Each federated client consists of two major parts: a task that is deployed on Brella server (server side), and the ability to collect examples and schedule jobs for this task (ChromeOS/Chrome side).

Server side

Create a task group

Federated computations are packaged as “tasks” inside of a brella_task_group build rule. How to creating such task groups is not the focus of this doc, please refer to brella team's tutorials:

ChromeOS federated service requires task groups to set runtime = chromeos. The runtime indicates a task_group's targeted platform. The rule “brella_task_group” will generate a bunch of compatibility tests based on the runtime setting to make sure the task group is compatible with the platform. For ChromeOS this helps verify the brella client library (libfcp.so) contains all necessary TF ops. See Fix selective ops registration for more details.

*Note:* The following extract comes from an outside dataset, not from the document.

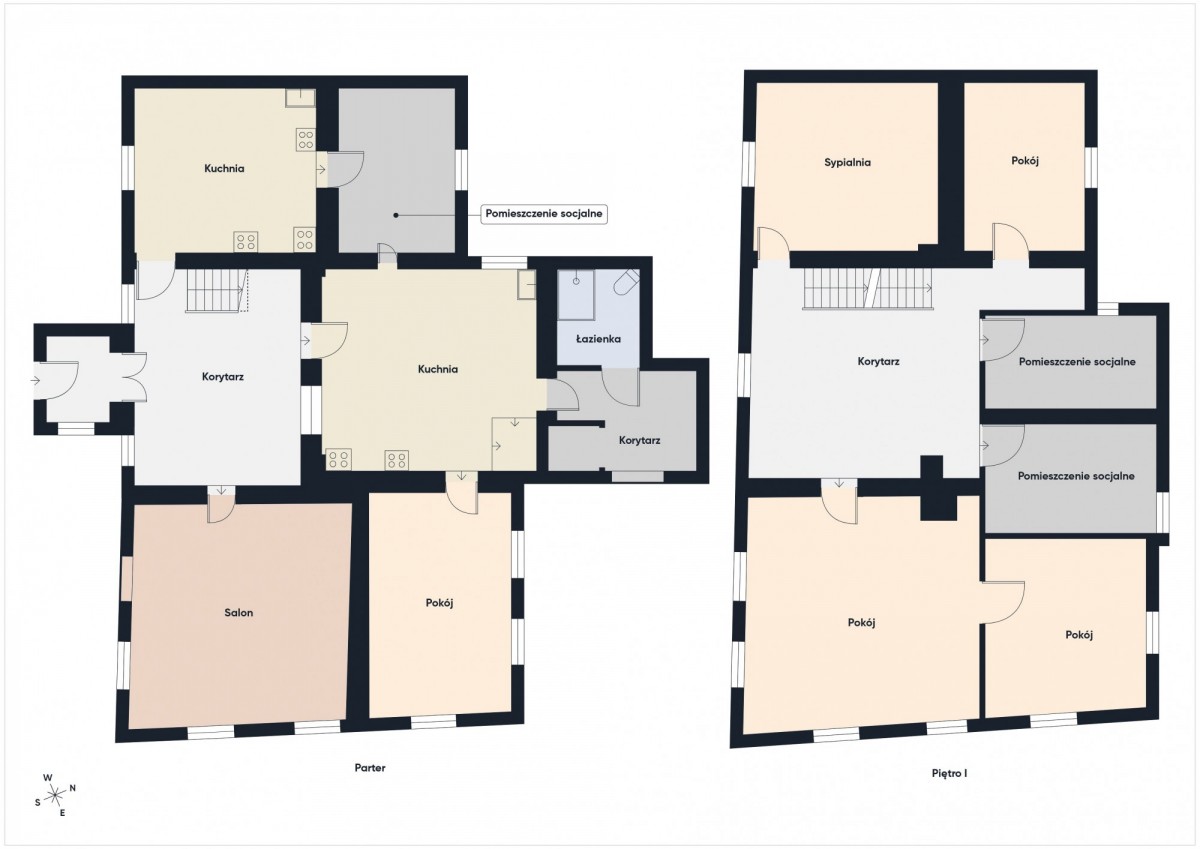 - PARTER: 2 kuchnie, łazienka, przestronny hall i 2 pokoje,
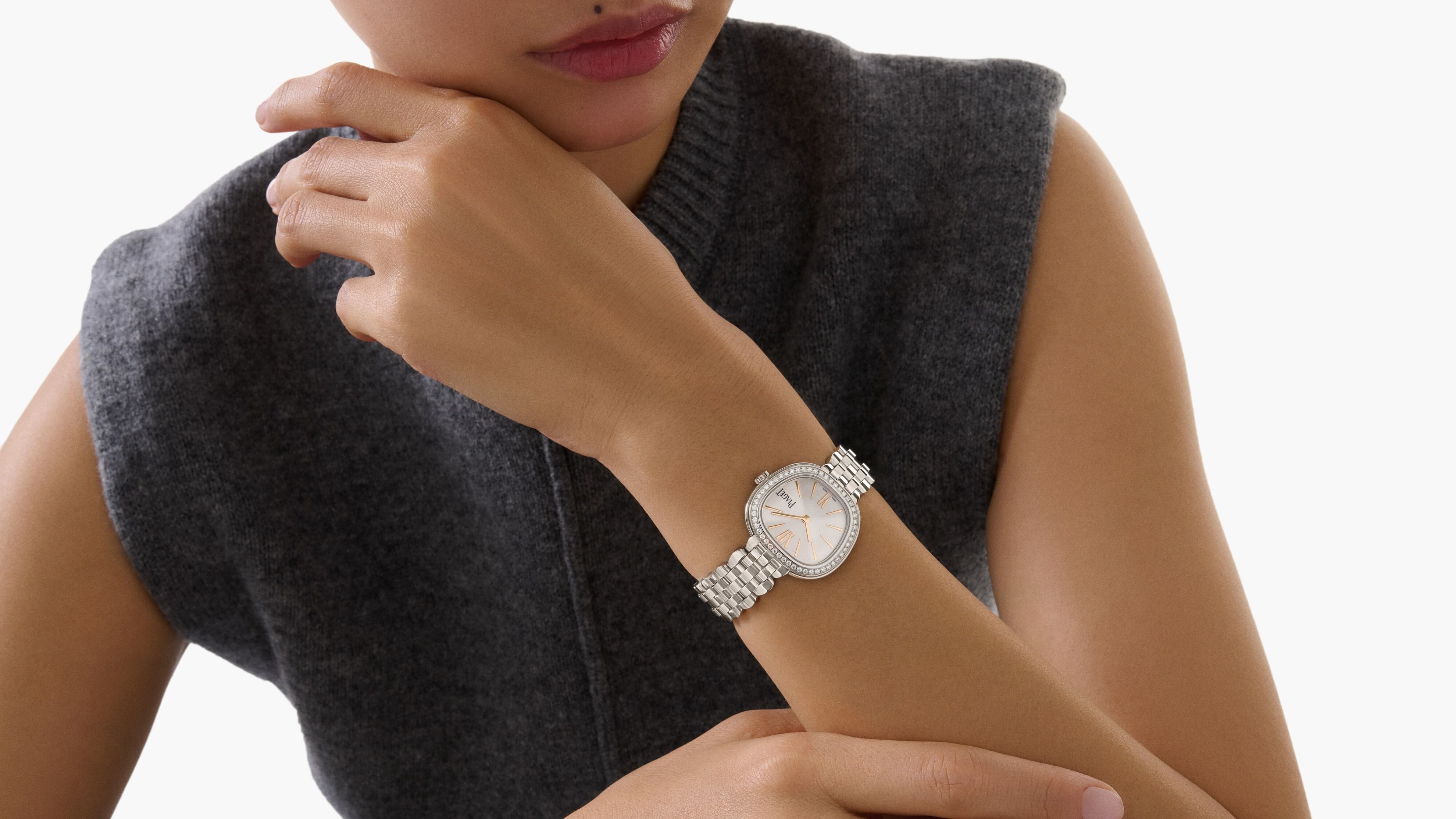 「ピアジェ ウォッチとは何より先にまずジュエリーである」とイヴ・ピアジェは語りました。手首をジュエリーのように彩るSixtieは、自由な精神を持ち、個性的であると同時に人々にインスピレーションを与える女性の美しさをたたえます。 どこにいても目を引き付けるトラペーズシェイプは、華やかさとエレガンスの優美なバランスの中にメゾンの伝統と現在が交差しています。

Deploy the task_group to Brella server

In order to use Brella to execute federated tasks, owners must check-in an instance of the FederatedTasksConfig proto message in a file named federated_tasks.pbtxt. See go/brella-comp-onboarding.

For ChromeOS platform clients, a new folder should be created in google3/intelligence/brella/config/prod/chromeos/. And inside the folder there can be several sub-directories indicating various launch stages, e.g. “dev”, “dogfood”, “prod”. The federated_tasks.pbtxt files are located inside launch_stage path with population_name=“chromeos/<client_name>/<launch_stage>”. See client “timezone_code_phh” as an example.

Each federated_tasks.pbtxt file in the launch stage directories represents a deployed task, although the task group field can be the same or be derived from a common base task group by setting the extends field of brella_task_group rule, which allows tuning the configuration of the task in different launch stages, e.g. report_goal could be a smaller number when launch stage is dev or dogfood.

federated_tasks: "chromeos/<client_name>" should be also added to the ChromeOS entry of google3/intelligence/brella/config/prod/registry.pbtxt. After that, new launch_stage directories created in this path can be auto-detected and deployed to the server.

ChromeOS/Chrome side

Collect examples

Code to collect examples for the new clients usually lives in Chrome side. The owners of the client are responsible to implement the logic to collect info and generate examples, and report them to federated service via mojo interface.

Register new client

Add the new client to federated_metadata.cc::kClientMetadata in this repo. The metadata is pretty simple, it only contains the unique client name, a retry_token which is usually an empty string, and a launch_stage.

At the start, the launch_stage can be set to “dev” and it can be configured through Finch (In this Finch example, client “timezone_code_phh” set launch_stage to “dogfood” for the dogfood group). Once the project becomes stable, the parameter can be changed to “prod”.

Fix selective ops registration

To optimize the size of brella client library, we use TensorFlow selective ops registration approach when building libfcp.so, which means the built-in TensorFlow does not contain all ops, and therefore it may not support the new task groups. These failures can be captured when creating task groups and setting runtime = chromeos. This doc Selective op registration of ChromeOS fcp build describes how to find the missing ops and add them to ChromeOS libfcp.so.

Fix the seccomp

Because federated-service runs inside sandbox, sometimes the tasks introduced by new clients may require new syscalls that are blocked by minijail. Reach out to cros-federated-team@google.com when running into such issues.

Rollout with Finch

New clients should define their Finch flags in ash/constants/ash_features.h/cc, and add an entry to kClientFeatureMap. After that, owners can use the Finch flag and associated feature parameter “launch_stage” to control whether the client is enabled and its launch_stage. See go/finch-slides for details.